On my site, I’ve actually started a list of resources and links that people feeling depressed or suicidal can access, and if someone needing it stumbles across it, I hope it helps them [LINK].
In regards to being a ‘helpful document’, well, Negative Space is hoping to be one but it’s also aiming at being one hell of a narrative ride. Just like you can learn a lot from something like Fight Club, our theme is present and strong but we aren’t didactic. We still wanna scare you silly and make your heart sink deep in your torso cavity as you join us on this wild ride.
Lu: Thank you for writing that article, and for sharing your deeply personal story, Ryan. As someone with many friends who suffer from anxiety and depression, and having suffered through hard times myself, it means a lot to know that there are creators such as yourself addressing issues that often go unheard of. Depression is a hard disease to recognize in oneself or another because it’s something you can’t see. From your experiences, what’s the best way to help a friend or a loved one with depression?

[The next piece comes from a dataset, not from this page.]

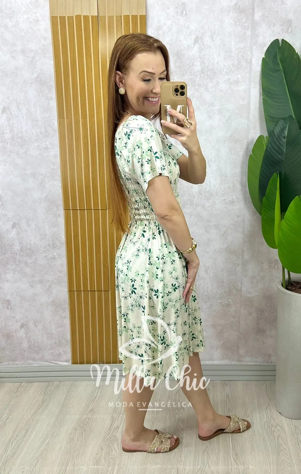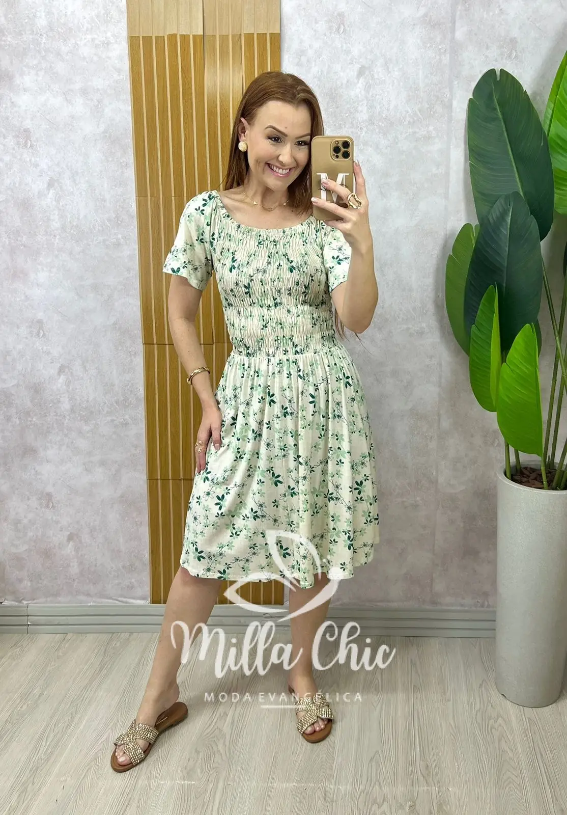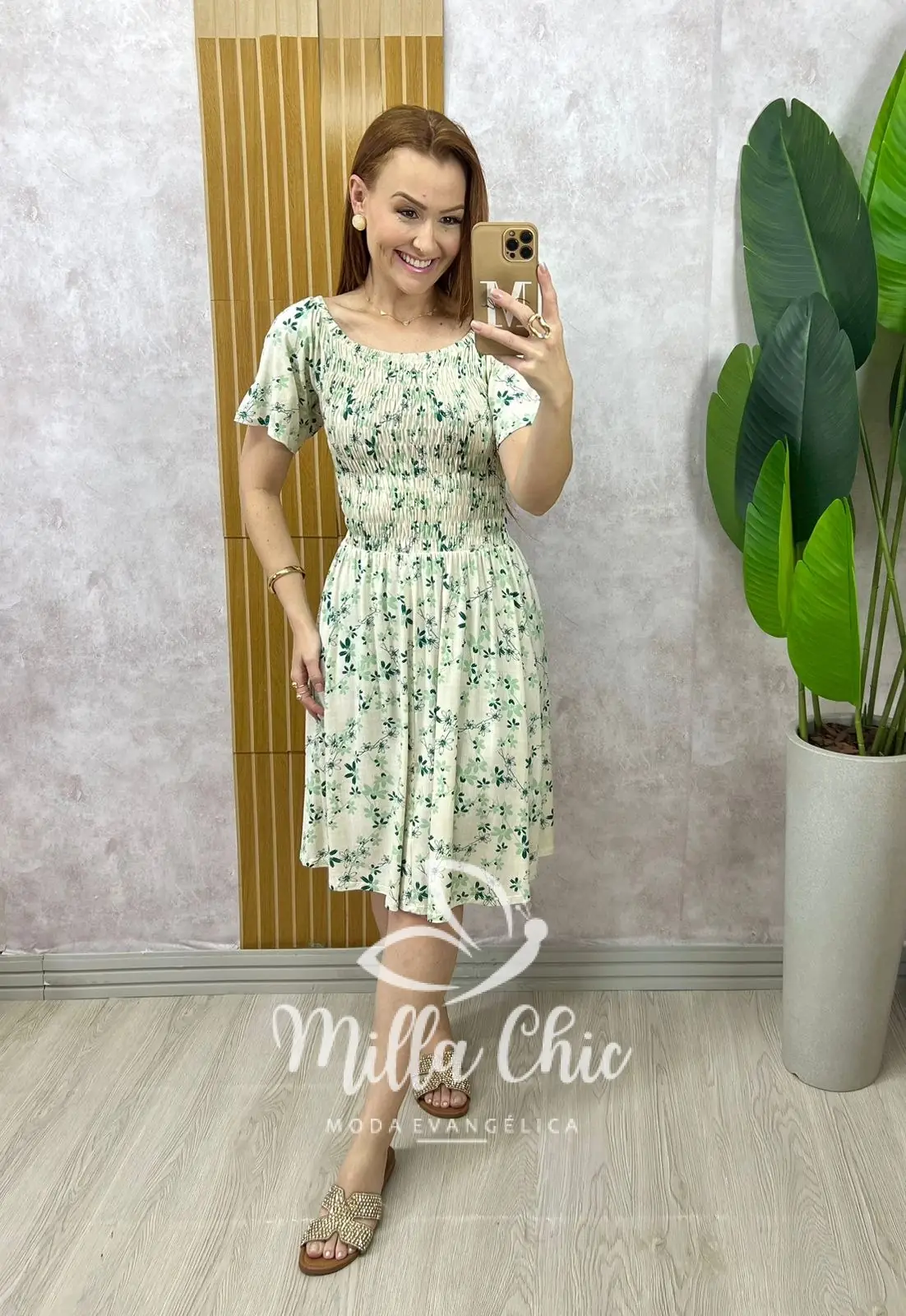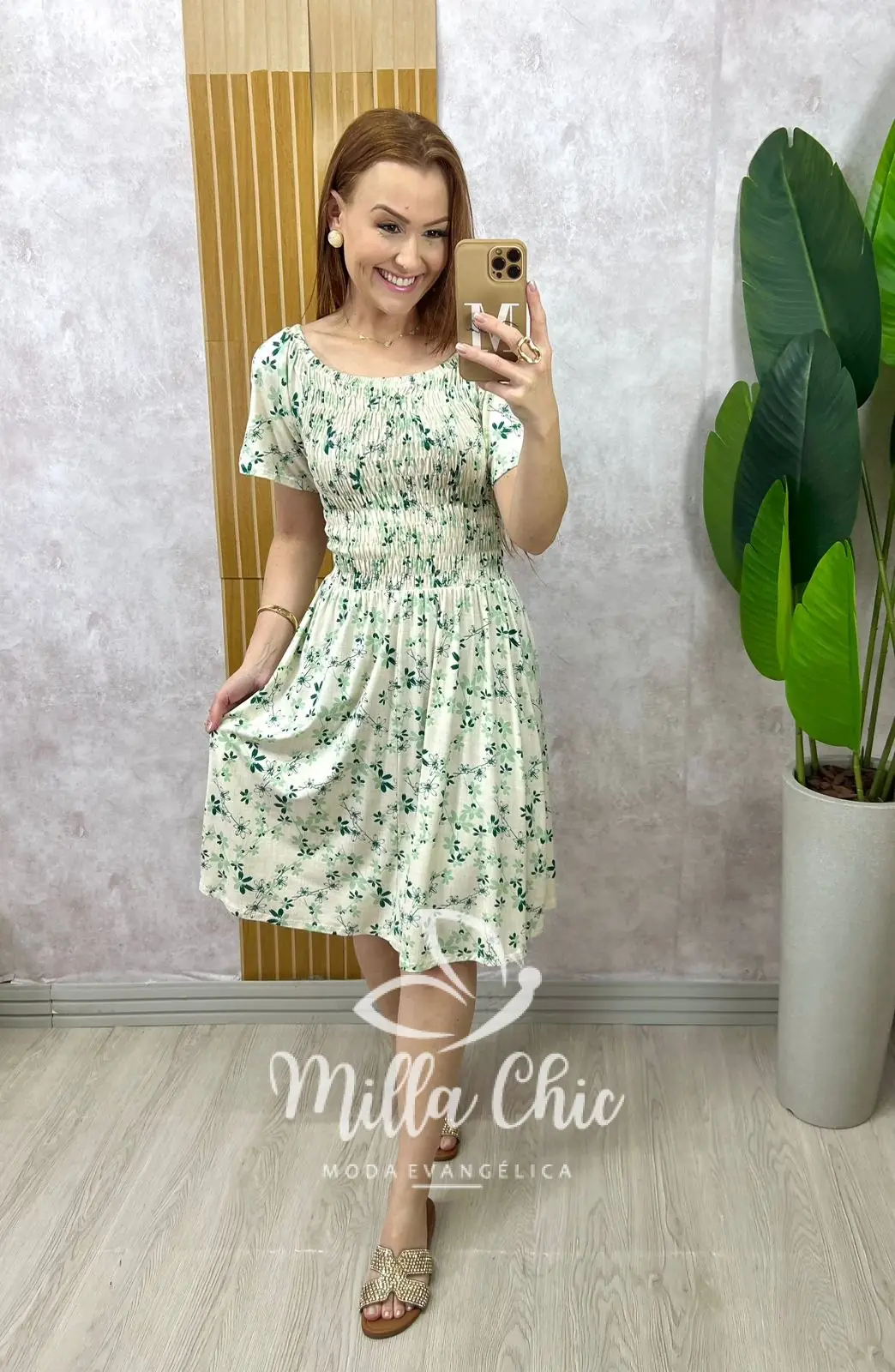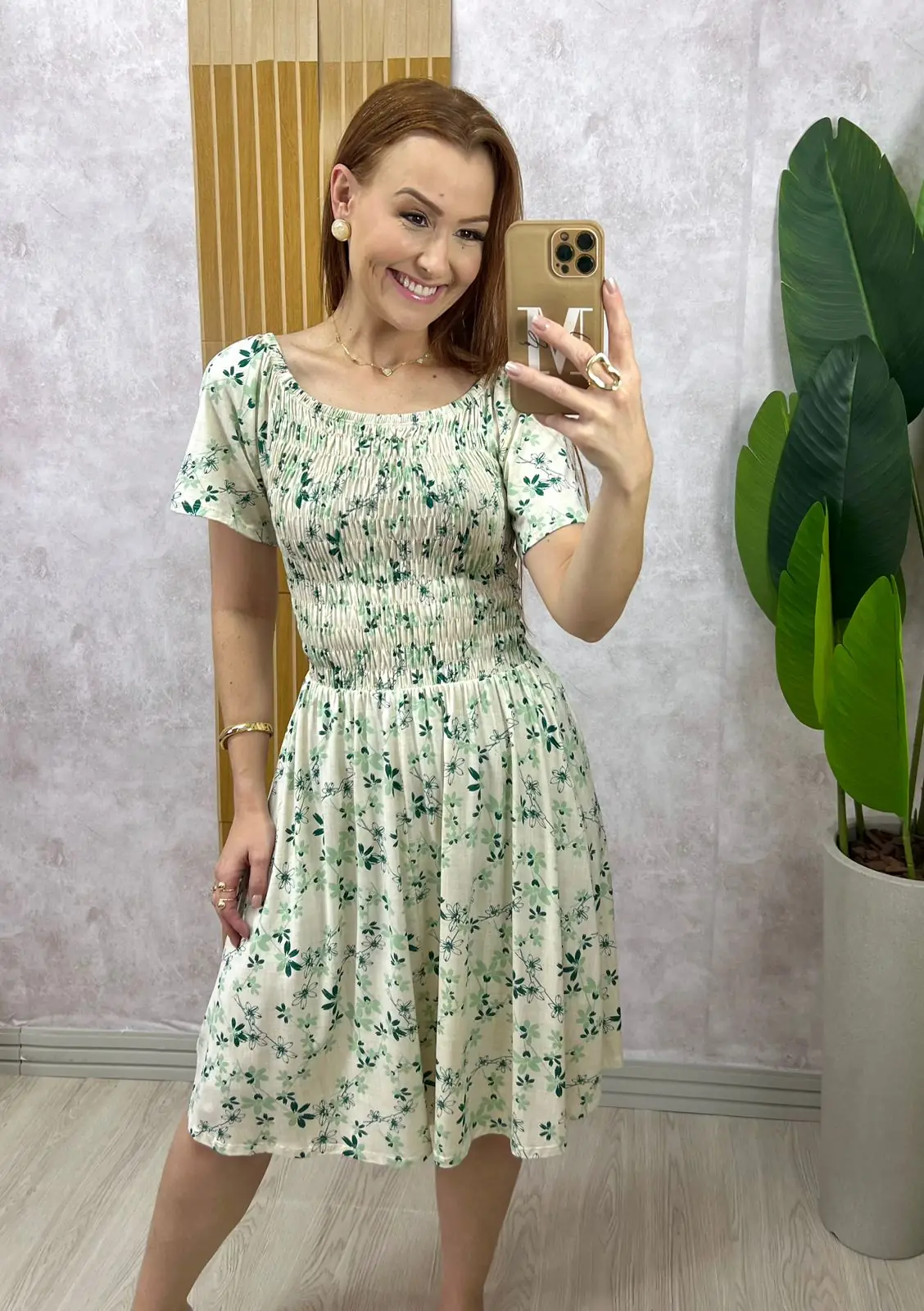 Ele tem a gola ciganinha muito confortável e o elástico em toda a blusa e cintura que deixa ele vestindo super bem demais e dá aquele todo moderno. O caimento da saia é solto… Uma delicia de vestido .

Lindsay: Trust and open conversation. If you are suffering, find someone you trust. And if you know someone suffering, be someone trustworthy. Once that relationship is established, and it is the bedrock of everything moving forward, then barriers need to fall and everyone has to feel safe to let everything out. From there, well, it’s a hard, long, and unique road so I won’t pretend to prescribe too firmly. Though I will also say, find time to relax, time to laugh at yourself. Writing your feelings can be a great thing. But most importantly, and this is crucial, know you are not alone. We are here to help you, and there are always [always] options. Believe.